National Institutes of Health (NIH) logo

National Institutes of Health (NIH)

Status and phase

Completed
Phase 2

Conditions

Cerebrovascular Accident
Paralysis

Treatments

Drug: 0-15 Water

Study type

Interventional

Funder types

NIH

Identifiers

NCT00001783
98-N-0115
980115

Details and patient eligibility

About

The purpose of this study is to determine if giving amphetamines along with standard rehabilitation speeds motor recovery after a stroke. In addition, if motor recovery is improved, the study will also identify the areas of the brain involved with the recovery.

Researchers will use motor function ratings, PET scans, functional MRI (fMRI), electroencephalographs, and transcranial magnetic stimulation (TMS) to evaluate patients.

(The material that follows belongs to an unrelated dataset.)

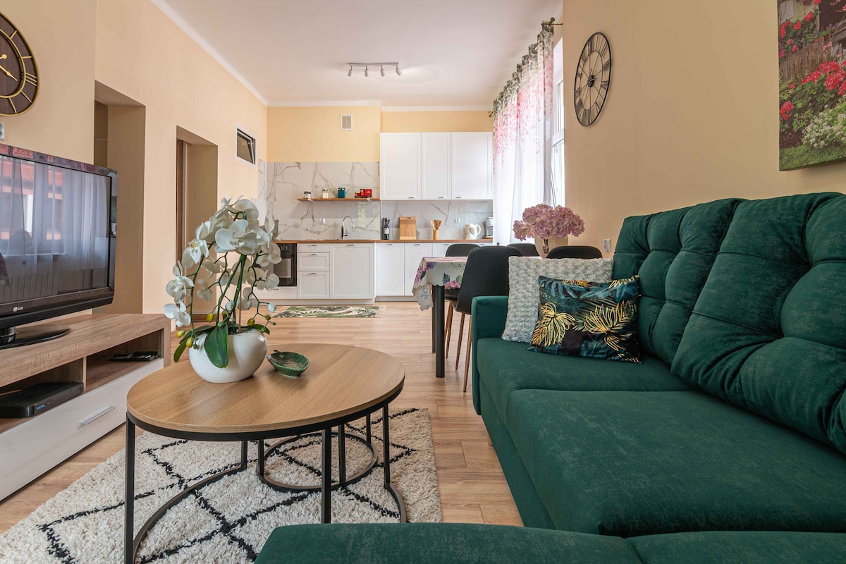 Þægileg stofa: Íbúðin býður upp á eitt svefnherbergi, stofu og baðherbergi. Í boði er loftkæling, eldhúskrókur og verönd með útsýni yfir garðinn. Nútímaþægindi: Gestir eru með ókeypis þráðlaust net, þvottavél og uppþvottavél. Önnur aðstaða felur í sér gjaldskylda skutluþjónustu, lyftu, setusvæði utandyra, fjölskylduherbergi og leiksvæði fyrir börn. Þægileg staðsetning: Staðsett í Oświęcim, eignin er 58 km frá John Paul II International Kraków–Balice Airport.

Patients participating in the study will be placed in one of two groups;

  1. Patients receiving dextroamphetamine and routine Rehabilitation Medicine
  2. Patients receiving a placebo "sugar pill" and routine Rehabilitation Medicine

Patients that have improved motor recovery will undergo neuroimaging and neurophysiological studies to identify areas of the brain involved.

Full description

The purpose of this study is to determine if administration of dextroamphetamine (amph) linked with customarily used Rehabilitation Medicine accelerates motor recovery after stroke. Additionally, if motor recovery occurs, this study will allow identification of the brain regions activated in association with this recovery.

Techniques used will include longitudinal rating of motor function, neuro-imaging with positron emission tomography (PET) and functional magnetic resonance tomography (fMRI), electroencephalography (EEG) and transcranial magnetic stimulation (TMS). Patients will be assigned to one of the two groups: amph linked with PT, and placebo linked with PT. Every patient will receive the standard of care PT. Motor recovery will be evaluated in the two groups. If motor recovery is accelerated in any of the groups, then neuroimaging and neurophysiological data will allow identification of areas and networks in the brain associated with this recovery.

This is a Phase II study with potential major impact on how stroke patients are treated.

Sex

All

Volunteers

No Healthy Volunteers

Inclusion criteria

Hemiparetic patients (right or left) (defined as a score of 55 or lower on Fugl-Meyer Scale) who had a single thromboembolic non-hemorrhagic infarction (documented by CT or MRI) 5 to 30 days before.

Patients will be recruited from referrals from the community particularly from Suburban Hospital.

Exclusion criteria

Large hemorrhagic or brain stem stroke.

Multiple cerebral lesions with residual deficits.

Less than 5 days after stroke or greater than 30 days after stroke.

Age younger than 18 or older than 80 years.

History of head injury with loss of consciousness.

Terminal illness such as AIDS or cancer.

Severe neurological diseases other than stroke.

History of severe alcohol or drug abuse.

History of psychiatric illness.

Unstable cardiac dysrhythmia or unresponsive arterial hypertension (greater than 160/100 mmHg).

Untreated hyperthyroidism.

Receiving alpha-adrenergic antagonists or agonists.

Receiving major/minor tranquilizers, clonidine, prazosin, phenytoin, GABA, benzodiazepines, scopolamine, haloperidol, other neuroleptics, barbituates.

Degree of aphasia or cognitive deficit that makes patients unable to give informed consent.

Pregnancy. A pregnancy test will be done on admission.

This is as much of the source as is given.